Mathematically the amplitude decreases to zero only in the limit of infinitely many oscillations. Physically, the mass will stop oscillating once the amplitude becomes smaller than any practically measurable threshold. If the motion is considered negligible when the amplitude falls below $A_{\text{min}} = 0.1\ \text{cm}$, the total number of oscillations until the mass can be considered at rest can be estimated by solving

$A_n = A_0 (0.93)^n \le A_{\text{min}}.$

Taking the logarithm of both sides gives

$\ln (0.93^n) \le \ln \frac{A_{\text{min}}}{A_0},$

which simplifies to

$n \ln 0.93 \le \ln \frac{0.1}{20}.$

Since $\ln 0.93$ is negative, dividing both sides by $\ln 0.93$ reverses the inequality:

$n \ge \frac{\ln(0.1/20)}{\ln 0.93}.$

Computing each term explicitly, the numerator is

$\ln \frac{0.1}{20} = \ln 0.005 \approx -5.2983,$

and the denominator is

$\ln 0.93 \approx -0.07232.$

Thus the total number of oscillations until the amplitude falls below $0.1\ \text{cm}$ is

$n \approx \frac{-5.2983}{-0.07232} \approx 73.3.$

Since the number of complete oscillations must be an integer, the mass executes approximately $74$ oscillations before coming to rest in a practical sense.

Derivation

Starting from

$A_n = A_0 (0.93)^n$

with $A_0 = 20\ \text{cm}$, the amplitude after $n$ periods is

$A_n = 20 \cdot (0.93)^n\ \text{cm}.$

For each finite integer $n$, $A_n > 0$, so the motion continues across the equilibrium position while the amplitude gradually decreases.
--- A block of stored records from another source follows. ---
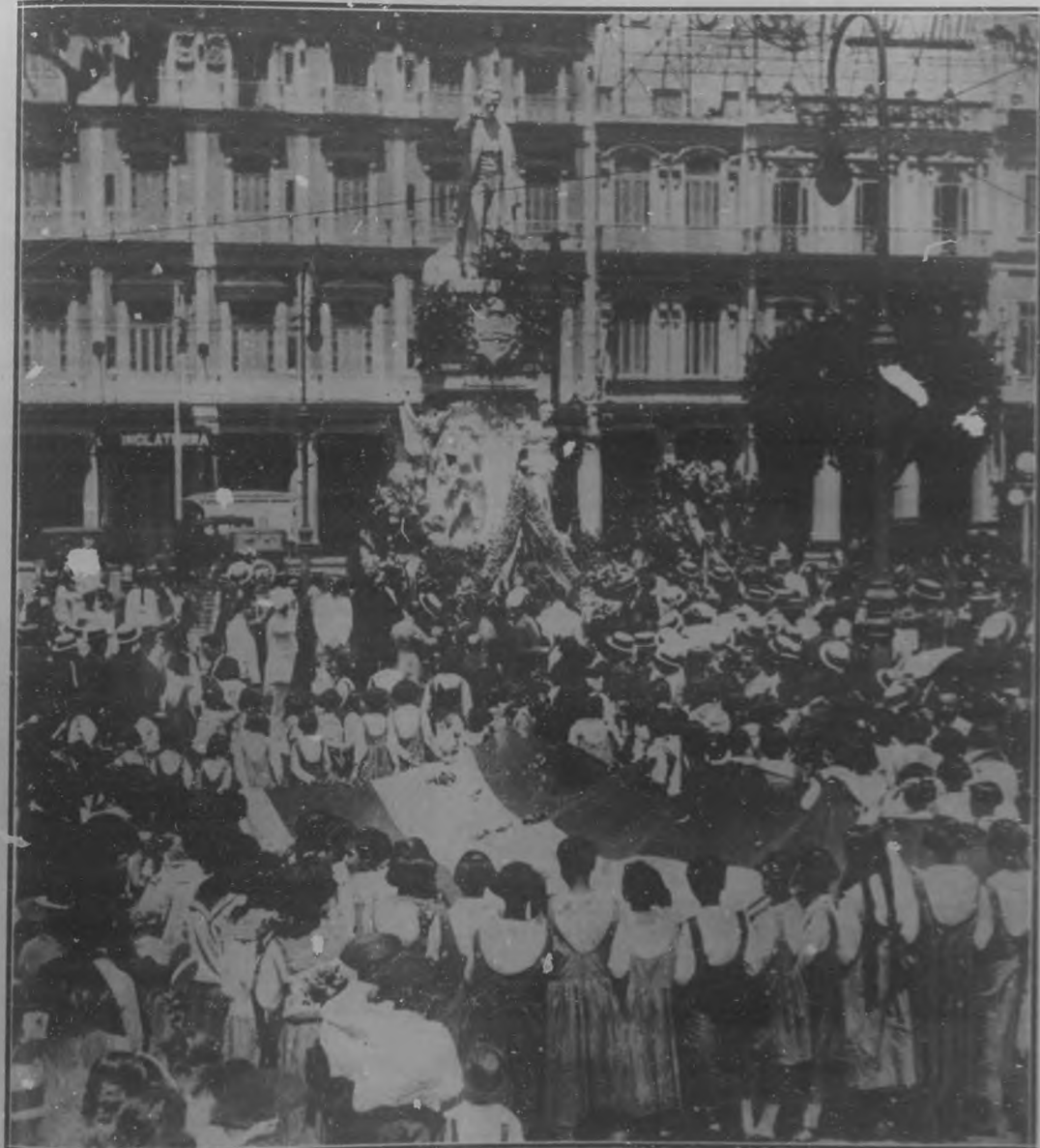
Entre las diversas festividades organizadas en esta ciudad para conmemorar dignamente el 24º aniversario del advenimiento de la República, una de las más sobresalientes fué la peregrinación a la estatua de Martí. El grabado que publicamos, reproduce el momento en que las alumnas de la escuela número 27 llegaban frente a la estatua del Maestro llevando una inmensa bandera cubana y numerosos ramos de flores.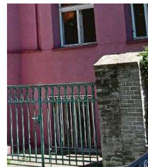
Ještě nekubistická „náhradní“ mříž na okně GEMA ART

sovaná nesourodá mříž na tom domě, který je naproti vjezdu do Ministerstva obrany ČR, už zřejmě dávno není. Je tam opět mříž kubistická. Ale při pečlivém zkoumání zjistíte, že se jedná nejspíš o kopii, stejně tak jako jsou mříže na jiných spodních oknech domu. Takže po výměně nevhodného mřížování při renovaci objektu dodali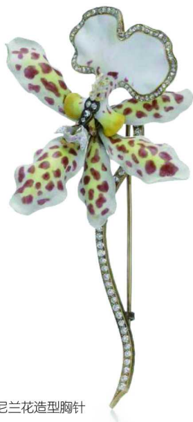
蒂芙尼兰花造型胸针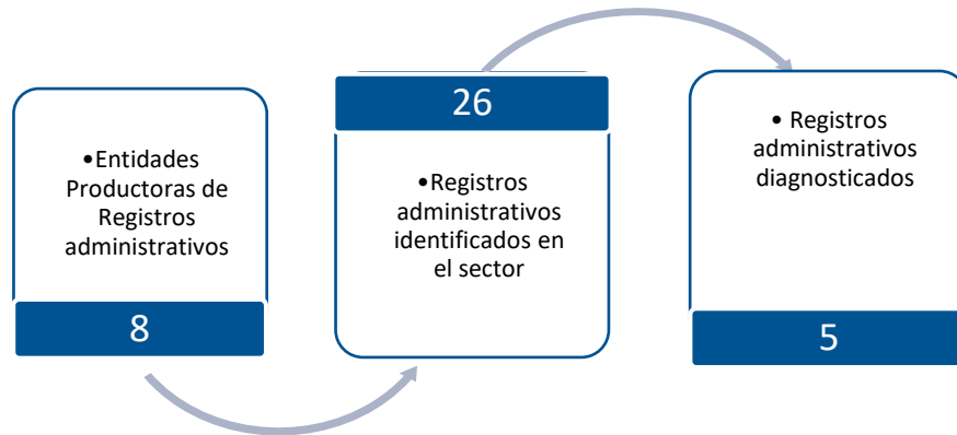
Gráfico 3. Principales características de la producción de registros administrativos del sector Minero energético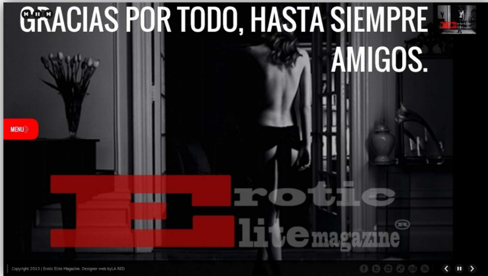
Imagen 8. Cierre de un portal.

Y en las redes sociales, la explicación de su fundadora: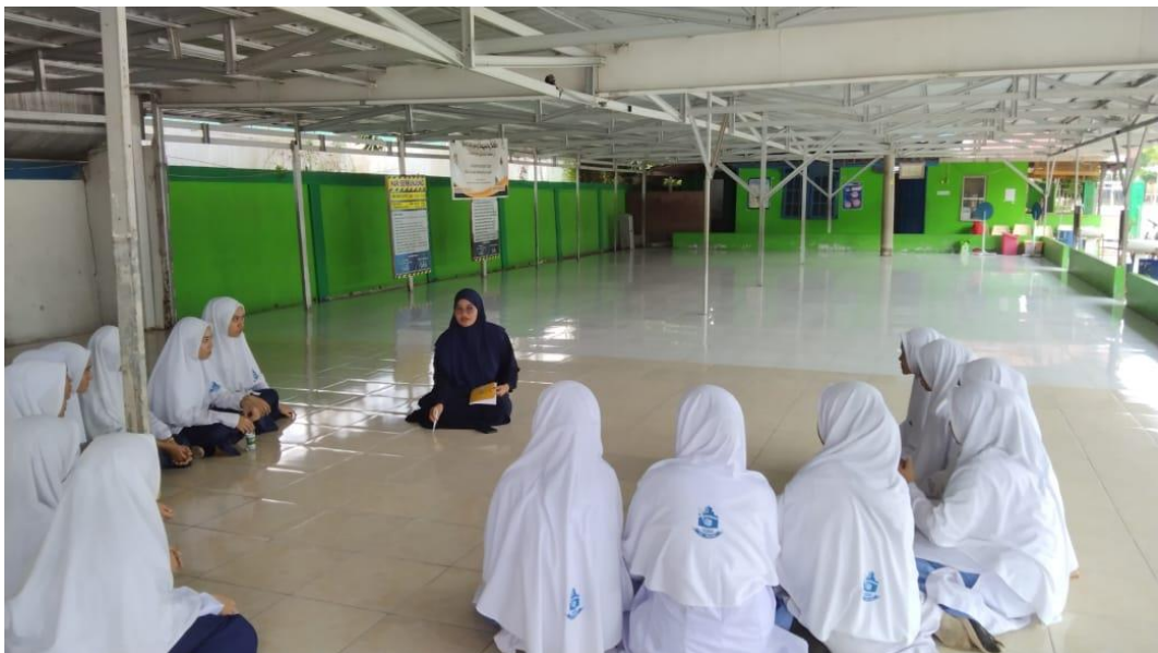
Foto kegiatan wawancara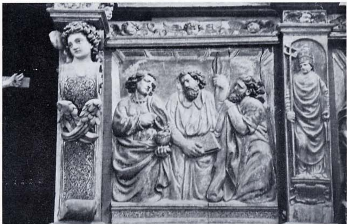
Banco del retablo de Palanquinos: S. Juan, Sto. Tomás, Santiago el Menor, S. Gregorio.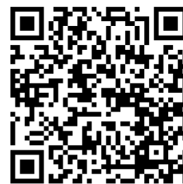
「ヒヤリハットマップ」QRコード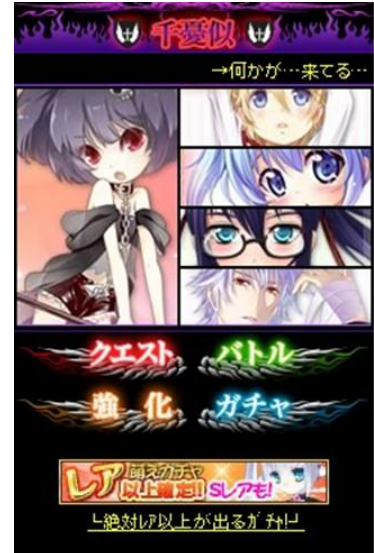
【千憂似(ちゅに)属性】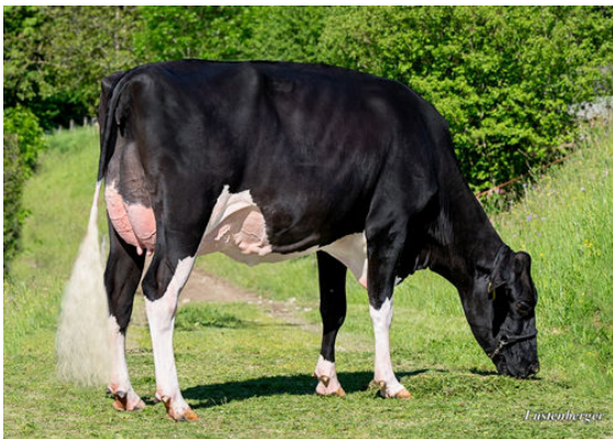
HOKOVIT EINSTEIN GENIA 1 DAUGHTER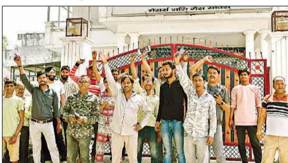
सिलेंडर न मिलने पर एजेंसी के बाहर प्रदर्शन करते लोग।

जिले में भले ही पेट्रोल डीजल का संकट खत्म हो गया हो, लेकिन सिलेंडर की किल्लत अभी भी जारी है। योजना गैस एजेंसियों व गोदामों में लोगों की भीड़ उमड़ रही है।

The amplitude falls below $0.1\ \text{cm}$ after approximately $74$ oscillations. Therefore the total number of oscillations before the mass can be considered at rest is

$N \approx 74.$

To determine the final position, note that the amplitude decreases symmetrically around the equilibrium position. The limiting displacement after the motion has practically ceased is

$x_{\text{final}} = 0.$

Answer

The mass executes approximately

$N \approx 74$

oscillations before coming to rest, and it comes to rest at the equilibrium position

$x_{\text{final}} = 0\ \text{cm}.$

The motion consists of oscillations of gradually decreasing amplitude, and the displacement at which it effectively stops coincides with the spring's equilibrium.